Ist das der Link zum "alten" Shop, der in der Folge erwähnt wird?
https://shop.spreadshirt.de/stayforever/
Ja. Das war er :-)
Gunnar hat wirklich viel Lob verdient, er ist - wie auch Fabian - auch sehr oft im Discord...
Hi,
ein sehr wertvolles Update - ich war Monate nicht auf der Seite und hab das neue Gewand komplett verpasst. Der Shop ist auch klasse. Es gibt ja sogar Young in the 80s-Merch.
Was mich zu meiner Frage bring: WAS IST MIT YOUNG IN THE 80s???

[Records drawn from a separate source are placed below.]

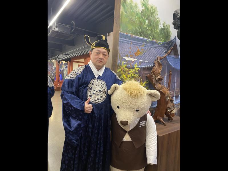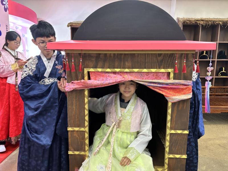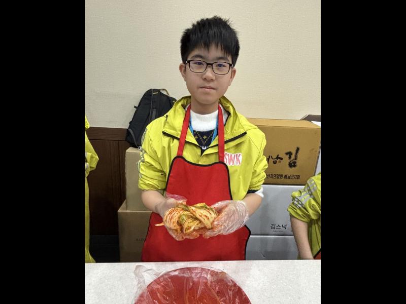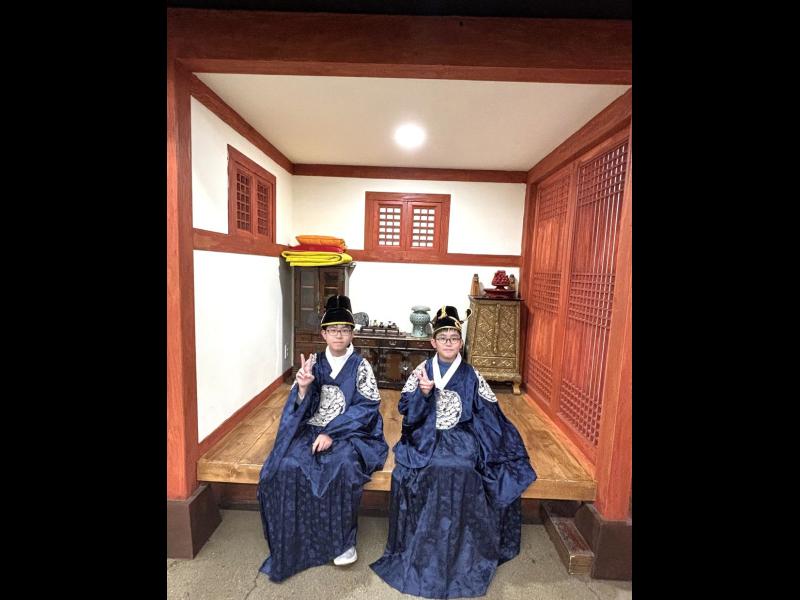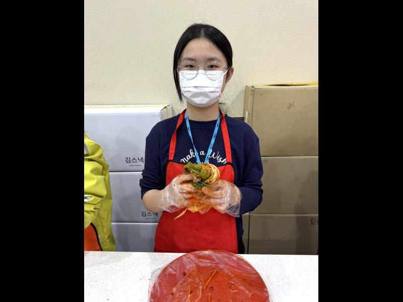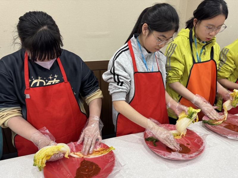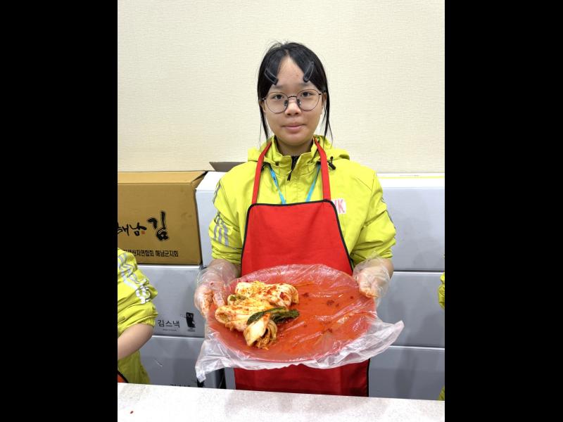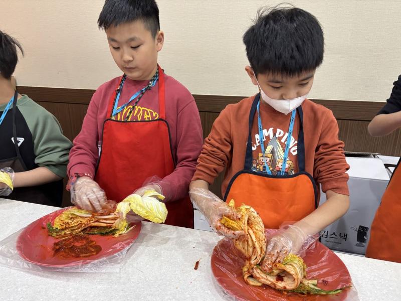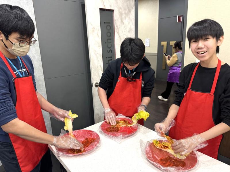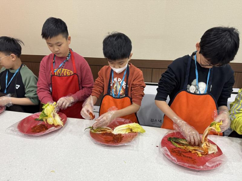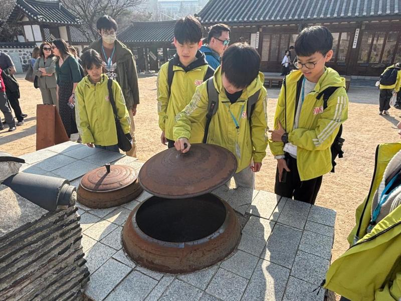 接着來到「泡菜文化體驗館」,大家除了可以穿上漂亮的韓服,更可親手製作傳統泡菜,還把完成的泡菜捐贈給老人院及學校,學習愛與分享的真意
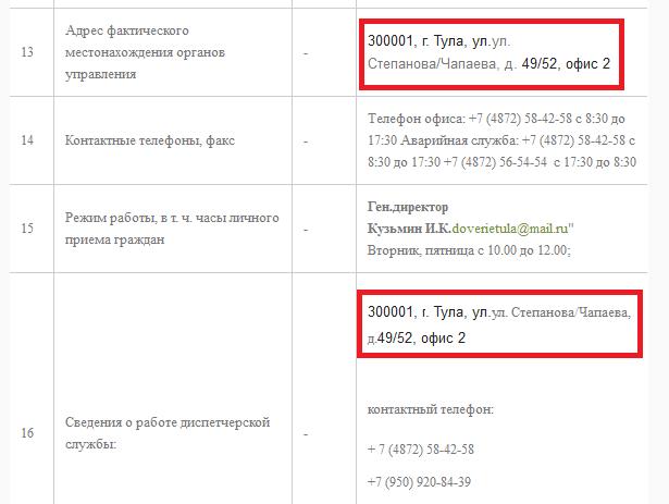 А вот фактический адрес, если верить сайту «Реформа ЖКХ» другой:
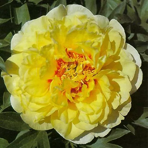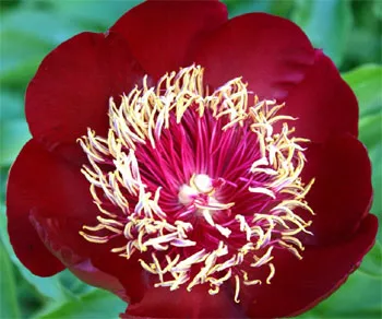 | Енн Беррі Казенс | Високорослі піони, що витягуються до метра заввишки. Купи напіврозлогі. Це червоні піони з рожевуватим відливом та жовтим тичининним помпоном посередині. Тип – напівмахровий. | ![]() |
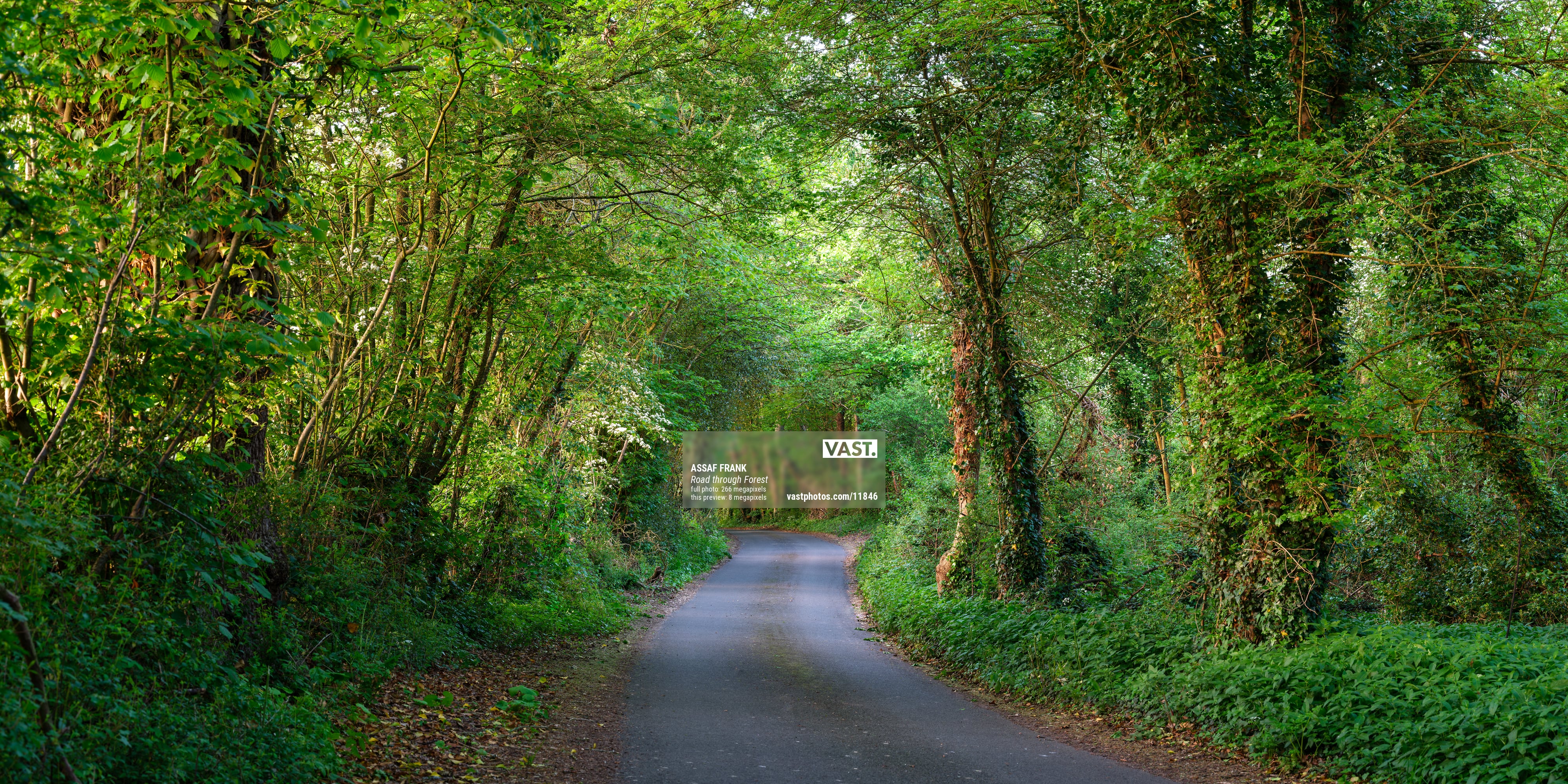 The narrow road, framed by overgrown vegetation, invites viewers to imagine a peaceful walk or drive through this enchanting woodland. The tall trees, some entwined with ivy, stand as silent guardians of this hidden gem in the English countryside. The composition leads the eye naturally along the winding path, evoking a sense of mystery and wonder about what lies beyond the bend.
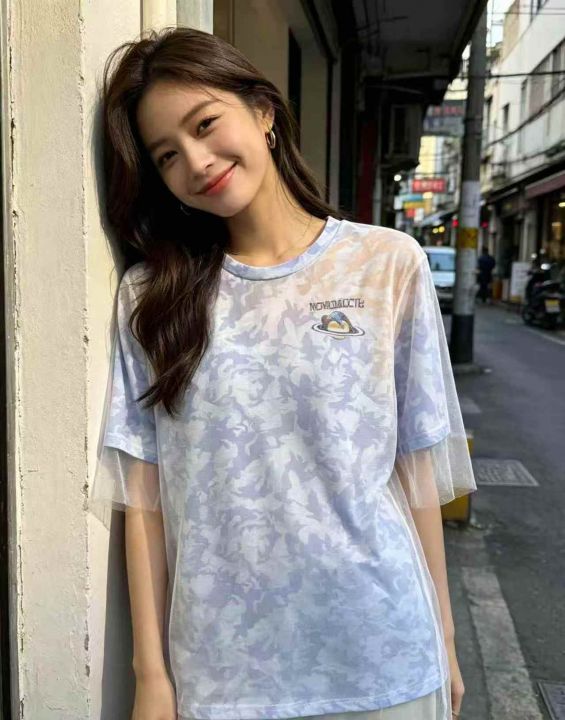 3637件,短袖新款潮宽松时尚港风上衣服网纱个性网红t恤女士ins夏季,橙色多\'独立包装\'码数S-M-XL-XXL,分货➕1,货号001#30
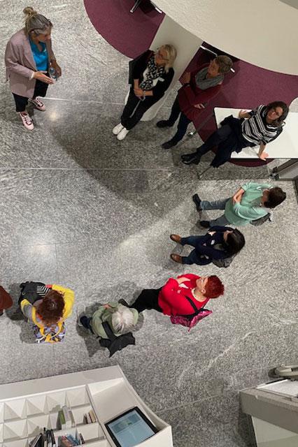 Das Team der Bibliothek Zug und Mitglieder der Kantonalen Bibliothekskommission Zürich leiteten spannende Gespräche zu einer Vielfalt an Themen, die wichtig für die Zukunft sind: Open Library, Kommunikation, Dritter Ort, Vermittlung, strategische Positionierung, Partizipation, Selfservice, Digitale Bibliothek, Outsourcing, Bibliothek und Schule sowie Netzwerke. Der Tag fand bei einem gemütlichen Apéro seinen Ausklang, während noch immer Ideen und Eindrücke ausgetauscht wurden.
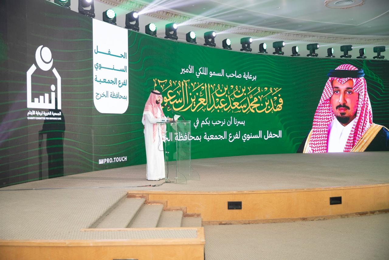 رعى صاحب السمو الملكي الأمير فهد بن محمد بن سعد بن عبدالعزيز محافظ الخرج مساء اليوم الأحد الحفل السنوي لفرع جمعية "إنسان" بالمحافظة، بحضور عدد من شركاء إنسان وعدد من مسؤولي المحافظة، في قاعة الورود للاحتفالات .
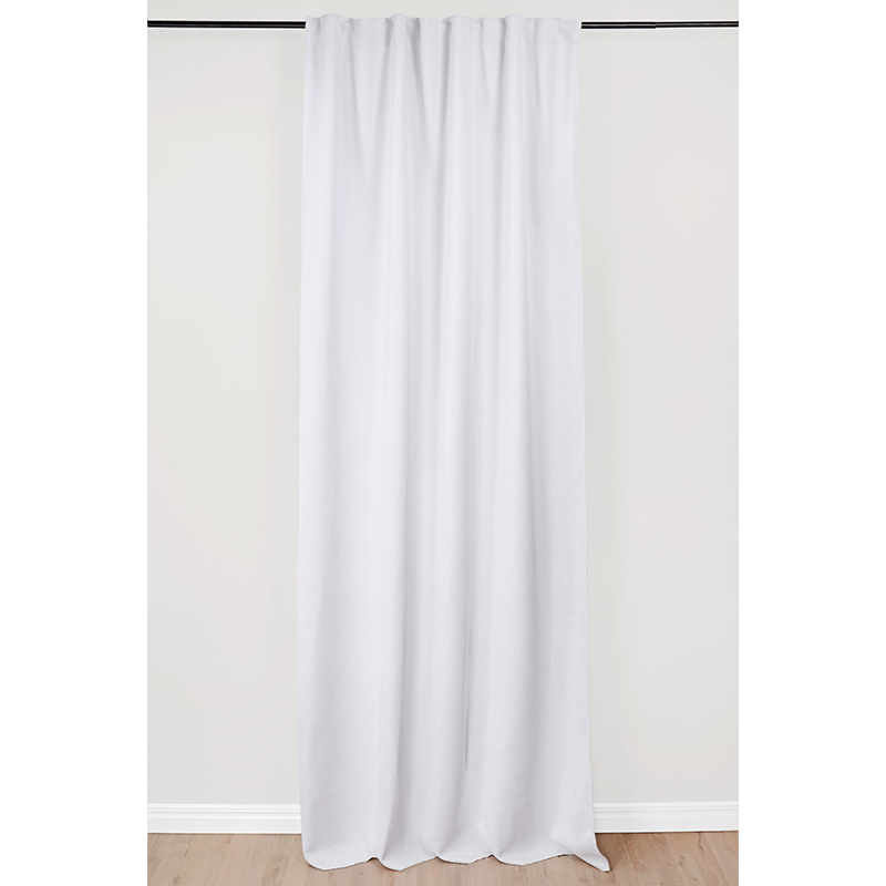 Multibandslängd i mörkläggande mjukt tyg med lite lyster, även kallad sun-out. Mörkläggningsgardinen är vävd med en speciellt mörkläggande väv i tre skikt, med spärrskikt i mitten. Det hindrar ljus från att tränga in i sovrummet och stänger även ute månsken och gatubelysning om natten. Gardinen har multiband vilket innebär att du kan hänga den på rundstång med kanalen, använda veckbandet med fingerkrokar, använda endast hällorna för att få en rynkad gardin samt använda rynkbandskrokar. Gardinen har overlock nertill och går enkelt att fålla med hjälp av fållband.

Wenn man jung in den 80er Jahren war, dann hatte man die Chance auf 10BASE2 zu treffen. Nicht selten ärgerte man sich dabei mehr über die eigene Schlampigkeit wieder einmal Terminatoren irgendwo fehlplatziert zu haben, als über das eigene Unwissen weshalb man nun den oder die anderen im Netzwerk nicht fand. Viele private Haushalte überkam das Glücksmoment der Deplatzierung solcher Terminatoren erst in den 90er Jahren. T-Stücke erfreuten sich noch größerer Beliebtheit und es kam nicht selten vor, dass Laien sich wunderten, weshalb denn nun das Koax-Kabel nicht direkt an den PC angeschlossen werden konnte. Ohne Terminatoren kam es in dem Koax-Kabel (Thinnet) zu Reflexionen von Signalen und damit Interferenzen - unerwünschte Effekte, die die Signale so stark überlagerten, dass man die eigentlich übertragenen Pakete nicht mehr herauslesen konnte. Und weil der Mensch sich gerne erregt haben wir heute kleine Haken am LAN-Kabel, damit man das Kabel (twisted pair) nicht einfach abziehen kann und gleichzeitig aber doch nicht ganz mit dem Daumen dran kommt. Ist der Haken dann einmal abgebrochen, so ist es nur eine Frage der Zeit bis das Kabel rutschenderweise die Verbindung trennt.